- Directed by: João Dujon Pereira
- Written by: João Dujon Pereira
- Produced by: João Dujon Pereira
- Cinematography: João Dujon Pereira
- Edited by: João Dujon Pereira
- Distributed by: Independent
- Release date: 3 September 2015 (EFFA);
- Running time: 104 mins
- Country: Australia
- Language: English
- Budget: A$90,000 (est)

= Black Hole (2015 film) =

Black Hole is a feature-length documentary film about the blockade opposing the expansion of Whitehaven Coal's Maules Creek coal mine in the Leard State Forest, New South Wales. It was directed and produced by Joao Dujon Pereira and premiered on 3 September 2015 at the Environmental Film Festival Australia in Melbourne. Interview subjects appearing in the film include Jonathan Moylan, an environmental activist responsible for the production and distribution of a fraudulent press release regarding the ANZ Bank's financial relationship with the coal mine in 2013.

== Premiere ==
The film premiered at the Environmental Film Festival Australia in Melbourne on 3 September 2015, after which the director spoke.

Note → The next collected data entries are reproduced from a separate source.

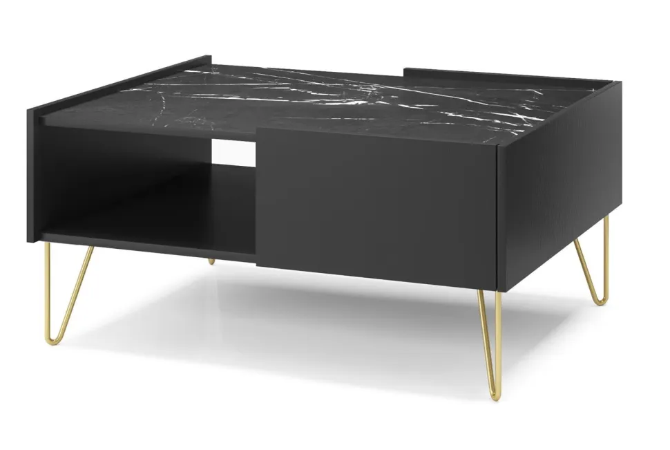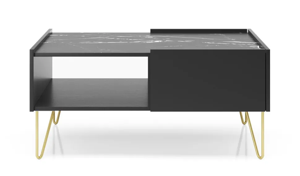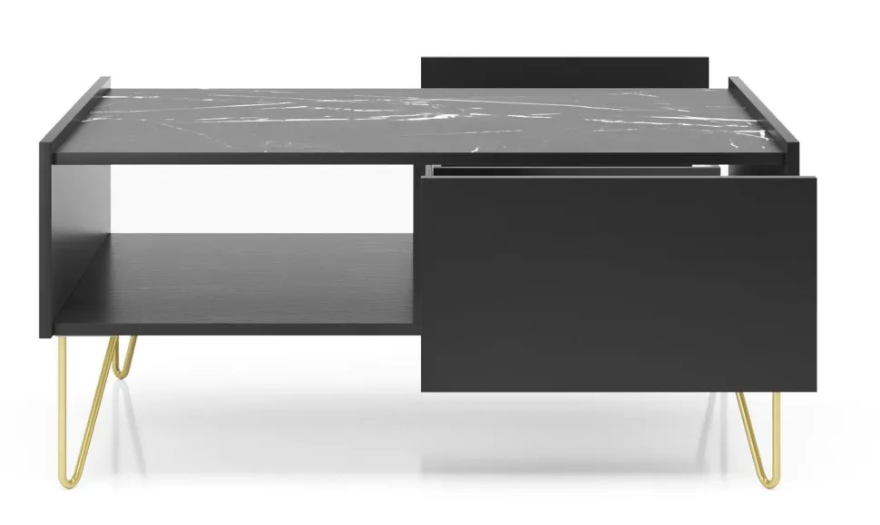 Czarny stolik kawowy Marbren ma elegancki wygląd, który będzie uzupełnieniem każdego nowoczesnego salonu. Posiada czarny blat imitujący marmur, metalowe nogi w kolorze złota oraz głęboką szufladę do przechowywania. Stolik to jeden element kolekcji Marbren, kup inne meble z tej samej serii i urządź swój dom w jednolitym stylu!
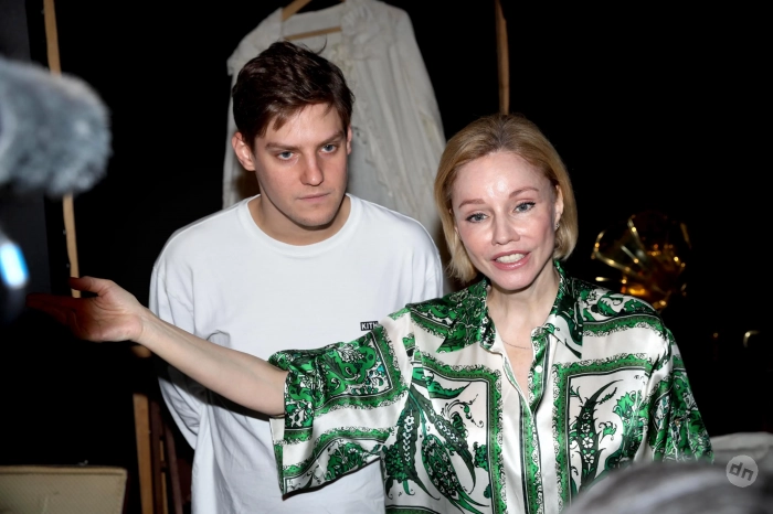 Мария выбрала для мероприятия чёрный костюм из жилетки и юбки-миди. Большую часть времени она держалась рядом с бабушкой, Ириной Зудиной, но и не упускала возможности позировать фотографам в одиночестве.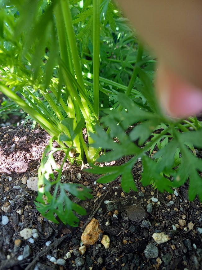 今度は奥の列のニンジンの1回目の間引きをすることにしました!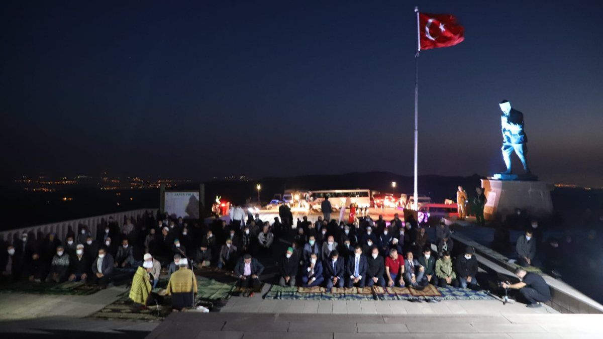 Afyonkarahisar Vali Yardımcısı Mehmet Keklik ve protokol üyelerinin de eşlik ettiği gençler, sabah namazını bölgede yaşayan vatandaşlar ile birlikte Büyük Taarruz’un başladığı Kocatepe’de kıldı.
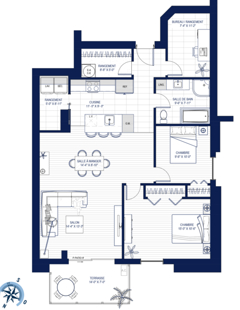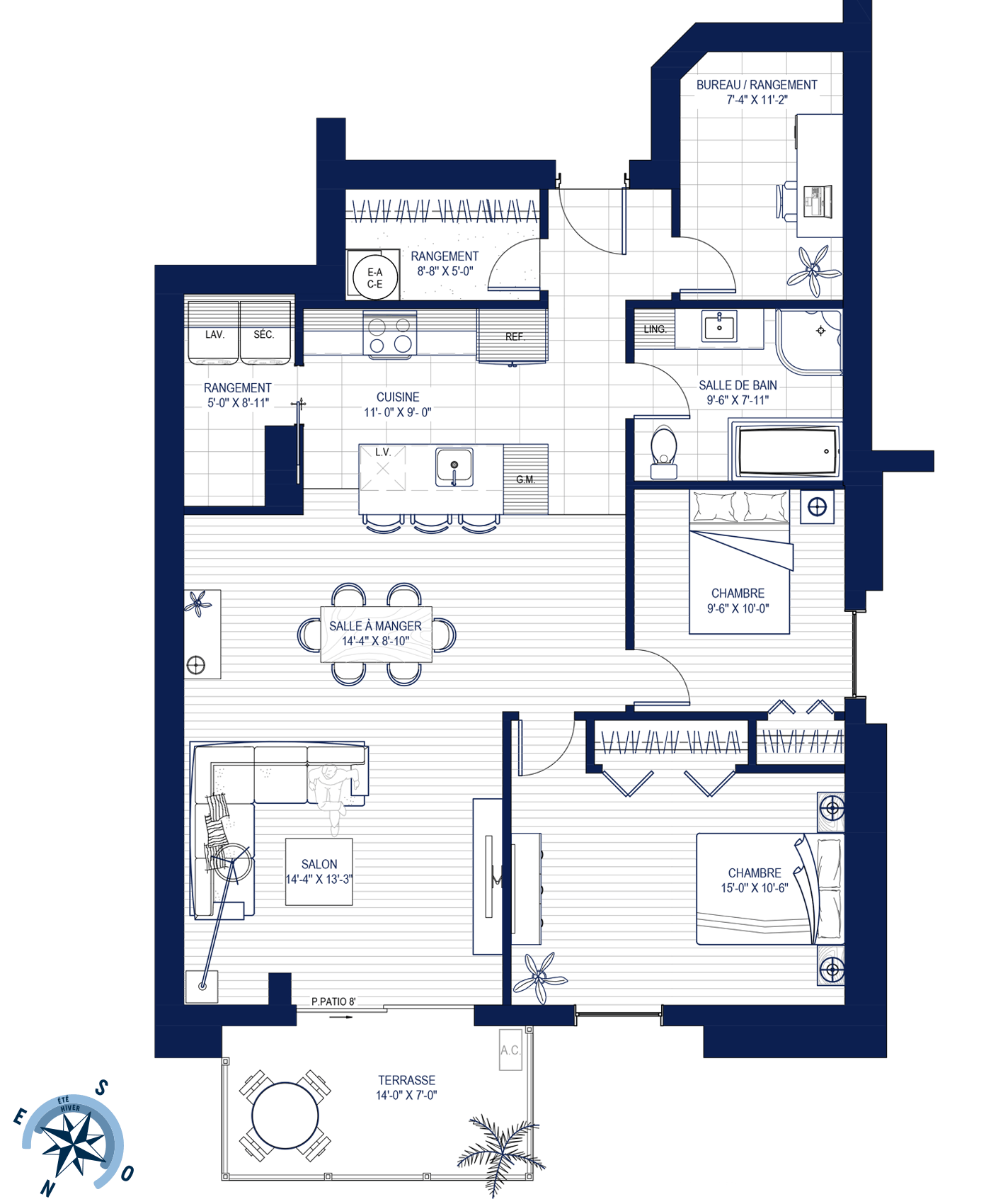 Design moderne et raffiné avec des plafonds de 9 pieds en béton brut au style industriel et douche en céramique.

A Canberra screening followed on 11 September 2015. Following EFFA, the film embarked on a limited release tour of Australian towns and cities in late 2015, with further screenings scheduled for 2016. By January 2016, the film had screened in Queensland, New South Wales, Victoria, the Australian Capital Territory, Northern Territory, Tasmania, South Australia and Western Australia.

== Reception ==
The film was commended by former Australian Greens party leader Bob Brown, and was warmly received by participants in the blockade and Australian audience members, many of which helped facilitate screenings in their own towns.

== Production ==
Pereira commenced production on Black Hole in approximately April 2014, after being encouraged to visit the blockade at the Leard State Forest by a housemate. He initially intended to make a short documentary, but then changed his plans to expand the project to feature length. Dujon shot over 700 hours of footage and over fifty interviews and described the undertaking as "a big risk financially and emotionally." Pereira told New Mathilda that he "quickly" raised $20,000 via crowd-funding. The film was funded in part by donations made through campaigns on Chuffed ($17,261), the Documentary Australia Foundation ($1,430) and via additional direct PayPal donations. The film's production budget was an estimated $90,000. The film was in production and post-production for a total of 16 months. In September 2014, Pereira told the Namoi Valley Independent that he intended to release the film in January 2015. He said of his approach to the production:"I want to capture the community’s opinions of both the positives and negatives of mining in the area and create a balanced piece.”

== Director ==
Joao Dujon Pereira is a first generation Australian and lives in the Victorian capital city of Melbourne.